Reason 1: In source code reading, definition of function, macro, typedef, struct, class, enum are important. On the other hand, variable definition is not so important, because there isn't information so much.
Reason 2: It was difficult for me to recognize a variable definition.
However, please note that GLOBAL can't classify the type of symbols, that is, all of function x, macro x, enum x, variable x and struct x are treated as just 'x'. Since ctags can classify them, it may become a different conclusion.
[Treatment of references with no definition] In GLBOAL, references with no definitions are simply treated as references.

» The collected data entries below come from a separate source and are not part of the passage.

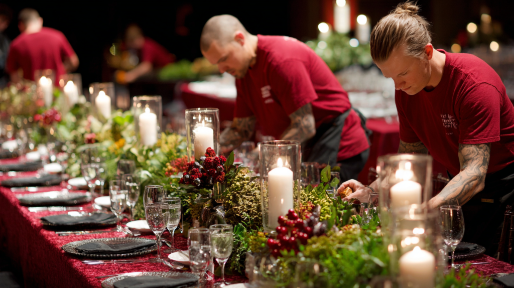 These shirts help workers move easily and stay comfortable through long holiday events. The fabric lets air in, and the strong stitches help the shirts stay in good shape. The shirts give comfort, style, and support. The material keeps workers cool during celebrations. The stitching stays firm during activities. The flexible fit helps the body move without pain. These shirts stay strong even after many washes, making them great for every holiday season.
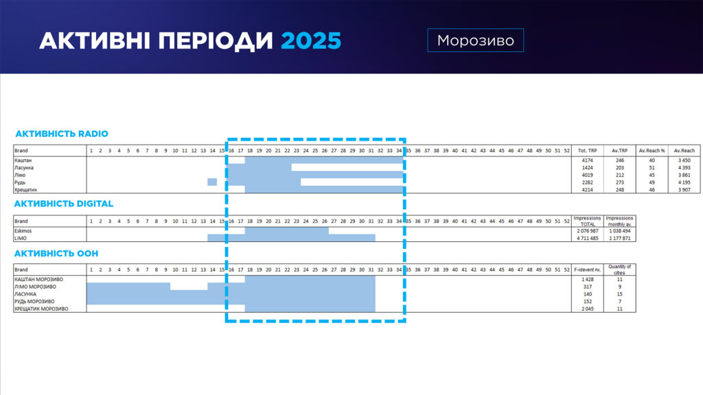 Подовження періоду рекламної активності на РАДІО на 4 тижні з 15 тижнів у 2024-му році до 19 тижнів у 2025-му, а також скорочення присутності на ТБ у 2025-му році.
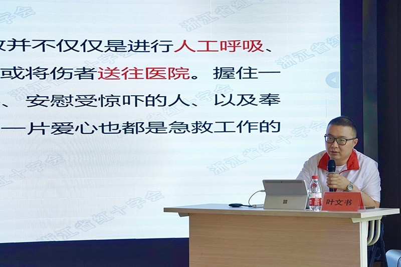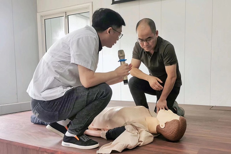 其次,海鹽縣康寧醫(yī)院葉文書醫(yī)生為大家?guī)硪惶镁实膽?yīng)急培訓(xùn)課,通過講解和現(xiàn)場(chǎng)示范,參加培訓(xùn)的員工對(duì)急救技能有了基本的了解,也認(rèn)識(shí)到“人人會(huì)應(yīng)急”的意義:提高生命安全意識(shí)、提高應(yīng)急反應(yīng)速度、提高自救互救能力。
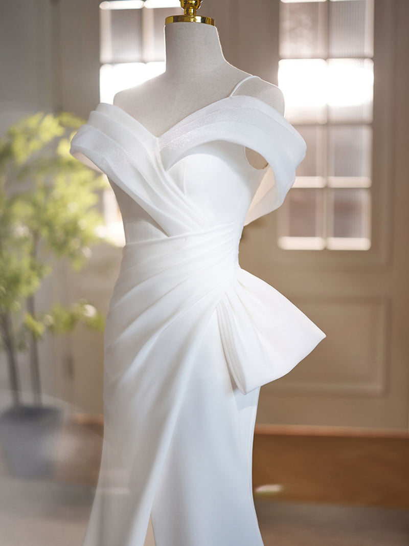 Vintage Mermaid Straps White Satin Long Wedding Dresses,Simple Split Front White Formal Dress Off Shoulder
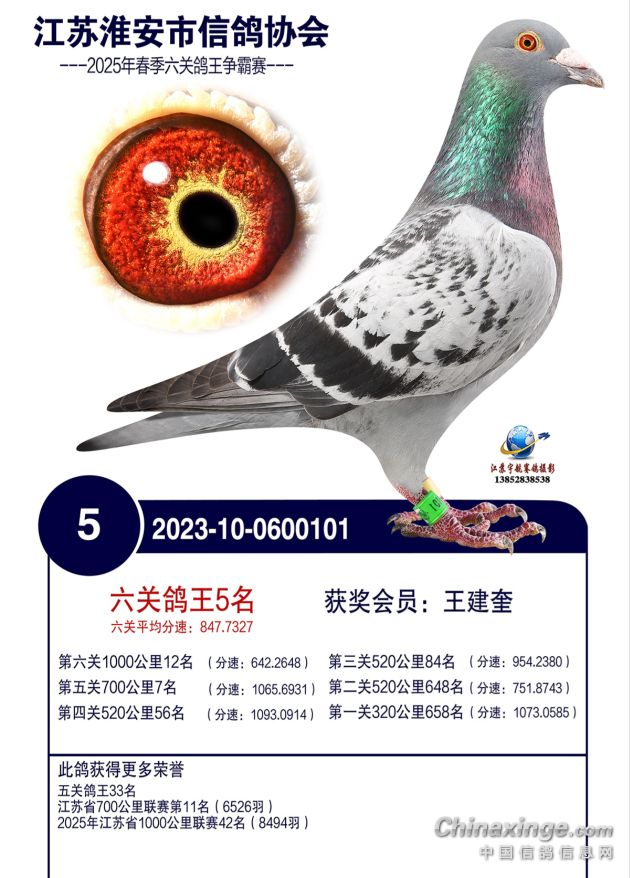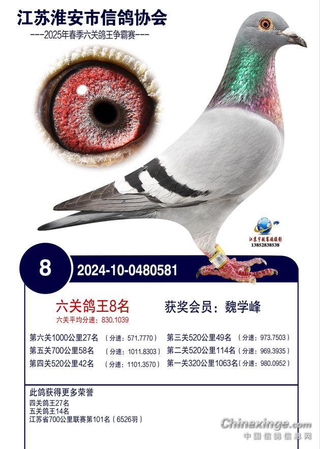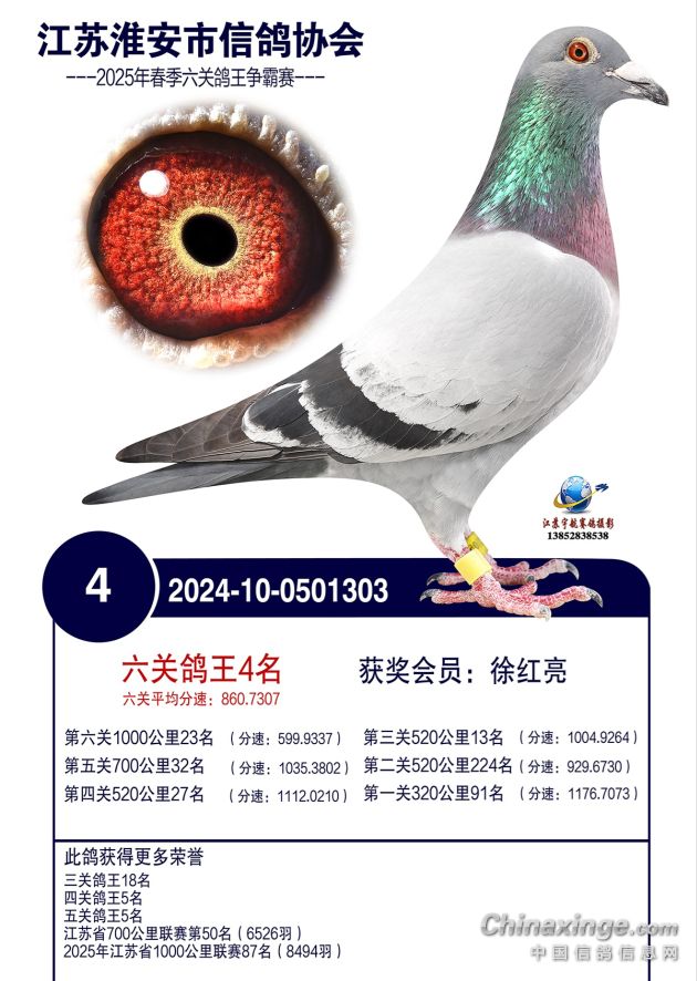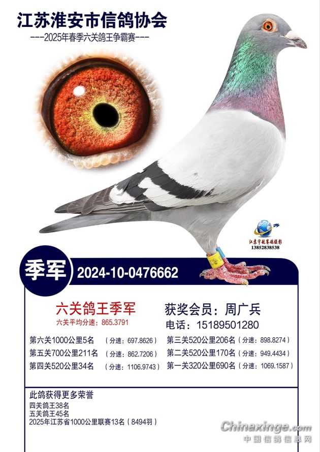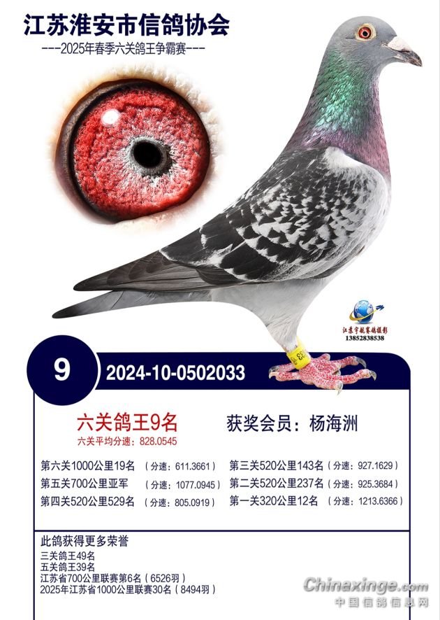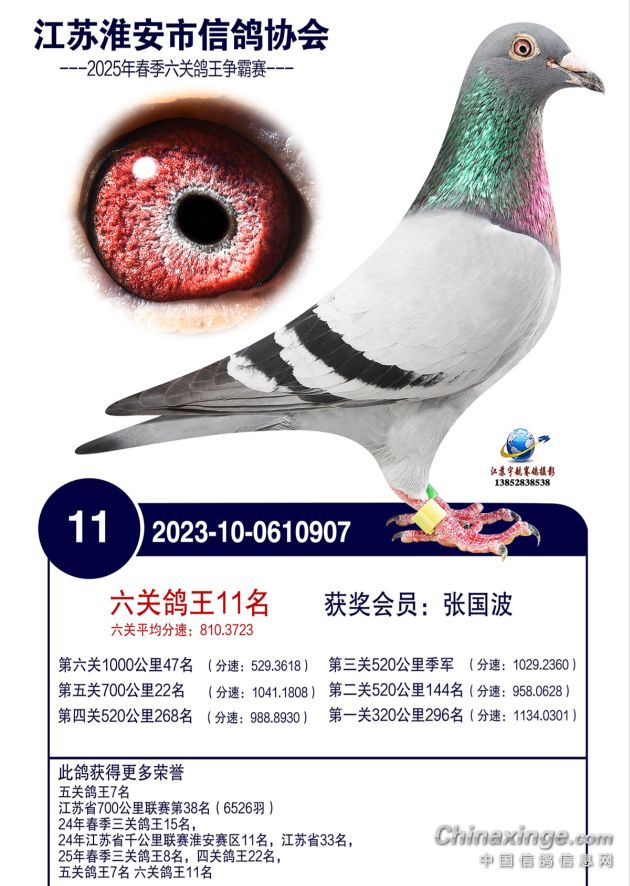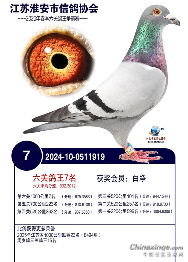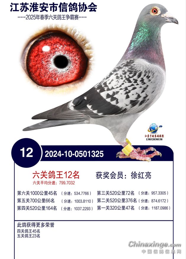 【第3553集】江苏淮安市信鸽协会2025年春季六关鸽王争霸赛前12名欣赏(因冠军、6名、10名没图片)。
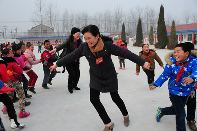 江苏省淮安市政协七届四次会议期间,委员们通过大会发言、提案、反映信息等形式,呼吁社会关注农村留守儿童成长。1月21日,妇联界委员利用会议间隙走进涟水县保滩镇永兴小校调研农村留守儿童学习生活情况,为孩子们送去学习、体育等用品,并和他们一同玩游戏、合影,让他们感受到社会大家庭的温暖。(田晶何强 摄)
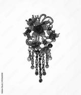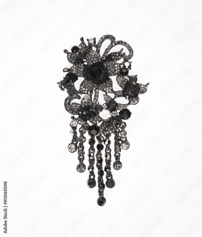 jewelry silver brooch with black stones isolated on white background
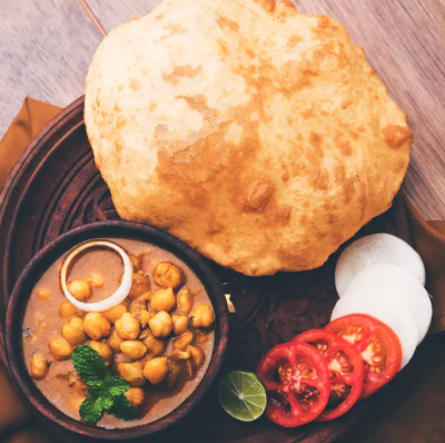 Fluffy deep-fried flatbread served with flavorful chickpea curry, cooked with aromatic spices and herbs.
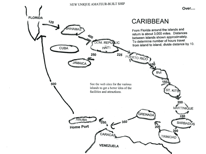 The ship will be based in Aruba, which is out of the hurricane zone and will travel the Caribbean Islands with frequent layovers to enjoy each island's attractions. The ship has a range of 2,000 miles, but bladder tanks may be used to travel to other areas such as the Mediterranean.
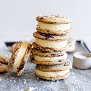 These Chocolate Chip Cookie Ice Cream Sandwiches are the perfect treat. Thin and crispy olive oil chocolate chip cookies are sandwiched with a smooth and creamy olive oil ice cream. Cookie ice cream sandwiches are fun and easy to make and the olive oil ice cream recipe is amazing on its own.
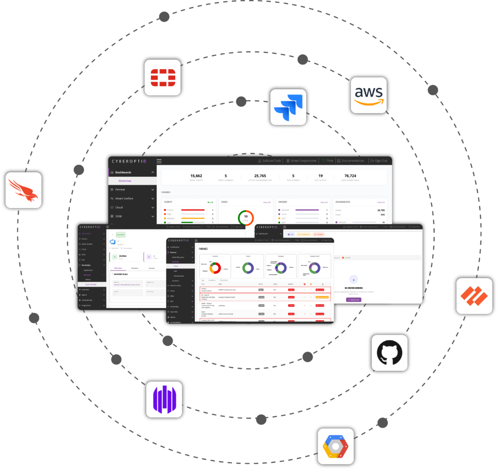 CyberOptix is designed to unify your security operations, not replace everything you already rely on. It integrates directly with the tools your teams use every day, cloud platforms like AWS, development environments like GitHub and Azure DevOps, security tooling like CrowdStrike and Palo Alto, and core infrastructure across your environment, bringing all of that data into one continuous exposure management workflow.
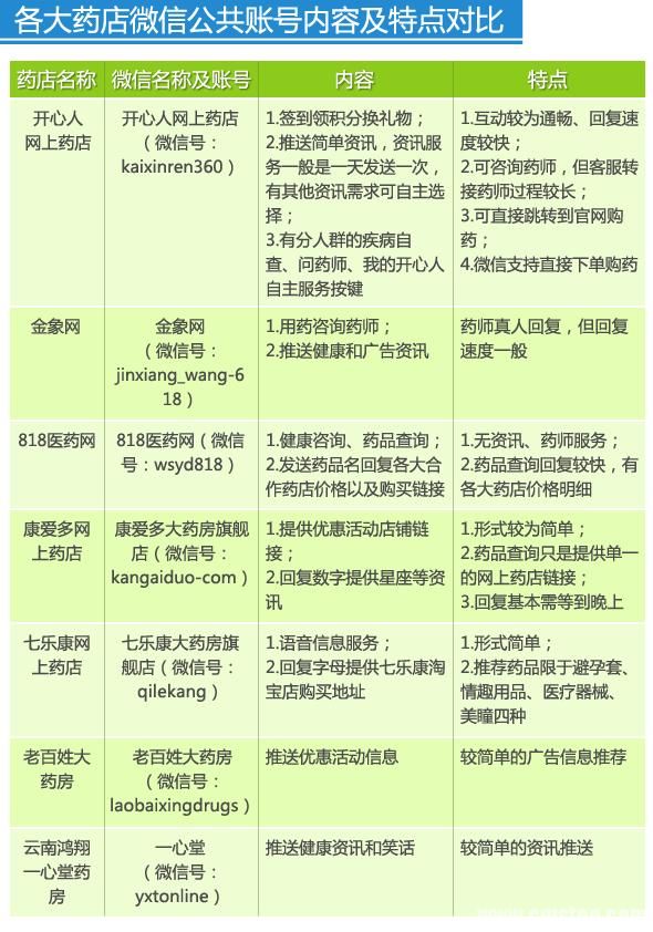 调查发现,包括开心人网上药店、金象网、818医药网等在内的医药电商,已经开始进军微信领域,而传统连锁药店十强中的老百姓大药房、云南鸿翔一心堂药房和广东大参林也开通了微信公共账号,漱玉平民大药房则推出了微信“微大夫”,力图从服务赢得粉丝用户。
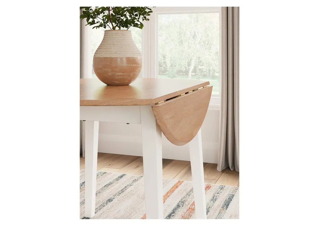 Complement your home’s simply relaxed sensibility with the Gesthaven drop-leaf dining table. A crisp white hue offers a chic contrast to the natural wood tone, for a neutral look that vibes with a variety of aesthetics. When guests drop by, convert it from a space-saving two-seater to a larger table with the two drop leaves. Whether you're sipping your morning coffee, settling in for dinner or working from home, this table is smartly designed for everyday comfort and style. Weight 55.000 lbs. (24.75kgs.)
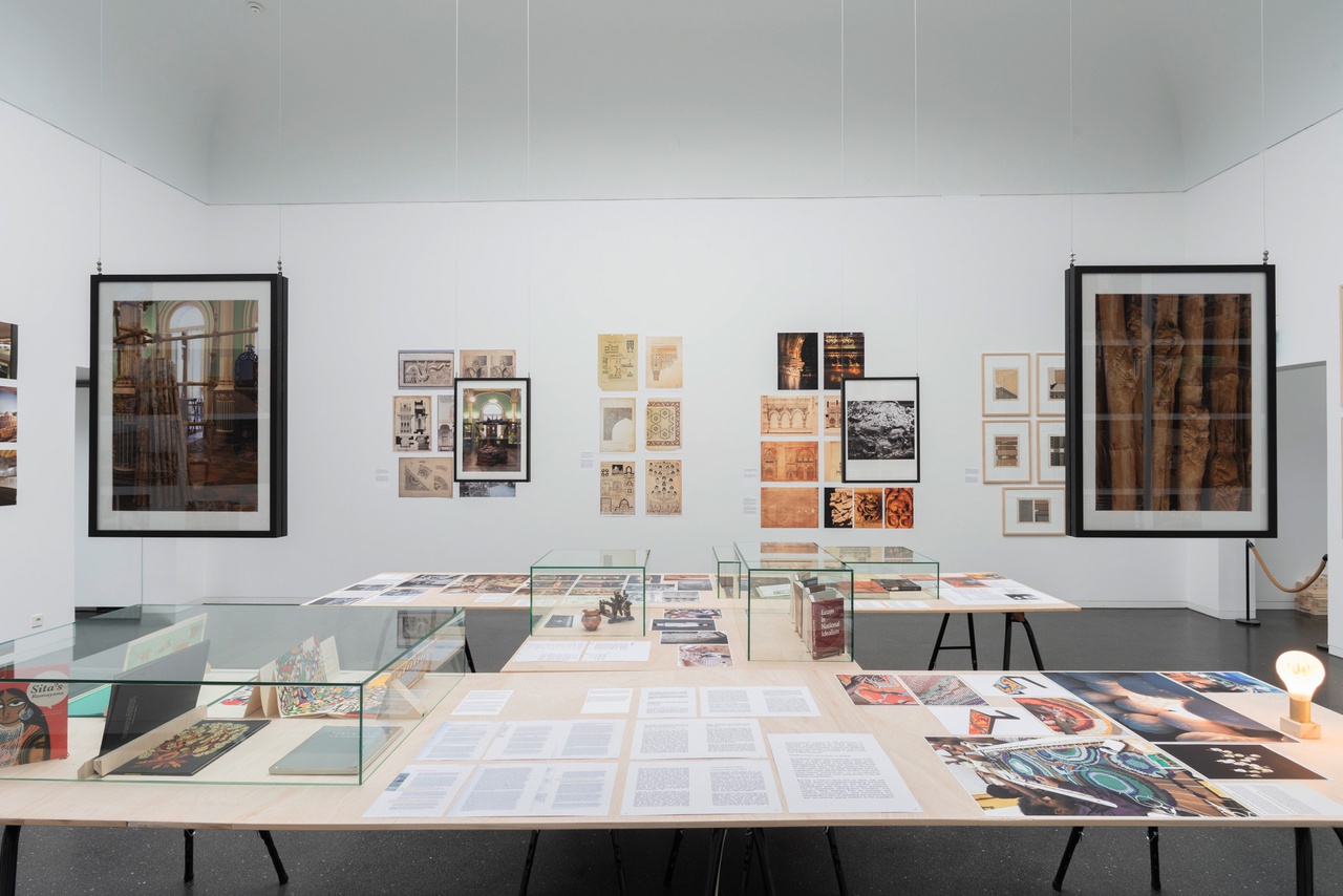 „Kaiwan Mehta: A view from Ornament: Design Debates on Indianness“, Württembergischer Kunstverein, Stuttgart, 2018, Ausstellungsansicht, Präsentation mit Werken von: Jitish Kallat, Madhav Raman, Annapurna Garimella, Rooshad Shroff, Abin Chaudhury, Rahul Mehrotra, Atul Dodiya, Revathi Kamat, Shimul Javeri Kadri, Ambrish Arora, Akshat Bhat
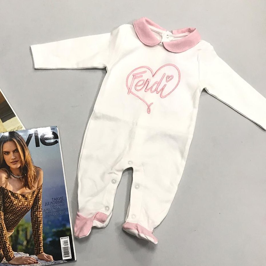 Слип Fendi LUX-16368 — это очаровательный и стильный предмет одежды для самых маленьких. Этот детский слип от Fendi выполнен в классическом белом цвете с нежным розовым воротничком и отделкой на стопах, что придает ему изысканный вид. На груди расположен крупный вышитый логотип Fendi в форме сердца, выполненный в розовых тонах, подчеркивающий премиальный бренд.
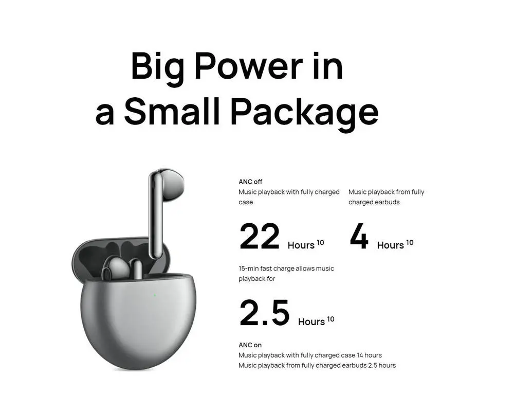 Воспроизведение музыки на 1 зарядки: 2,5 часов (с ANC включен) **
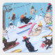 Pegatina Cuadrada Pintura de ladrones de invierno que se divierten e
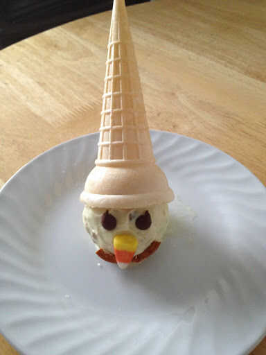 Sacar un helado en que sirve de placa y lugar cono de helado como sombrero

The followings are relevant to it. o library functions o variables declared implicitly (perl, ruby, python and etc)
Though such symbols are written to the reference tag file (GRTAGS), they are located by '-s (--symbol)' option, not by '-r (--reference)' option.
$ global -x printf # not found by definition search $ global -x printf -r # not found by reference search $ global -x printf -s # found by other symbol search printf 1 main.c #define PRINT(X) printf("%d\n", (X)) $ _
@shigio, thank you. Very informative. I will think more about ctags side specification.
(Private study note).
We can think about a concept, "kinds" in referencing(let's call rkind).
C:
func () {
a = b.d;
foo(&c);
a and c are lvalue reference. b is value reference. How about d? d is value and field references. Who refers it? d is referenced from b. b is referenced from func. foo is funcall reference.
Python:
import x as y from z
x is ??? reference. z is ??? reference. y is not a reference. It defines a name.
C
#undef X
X in "undefine" reference.
Providing kinds for reference may be quite useful for making a upper layer tool. However, writing a parser becomes much harder. I wonder who will implement such complete parsers, especially for languages which have complex syntax.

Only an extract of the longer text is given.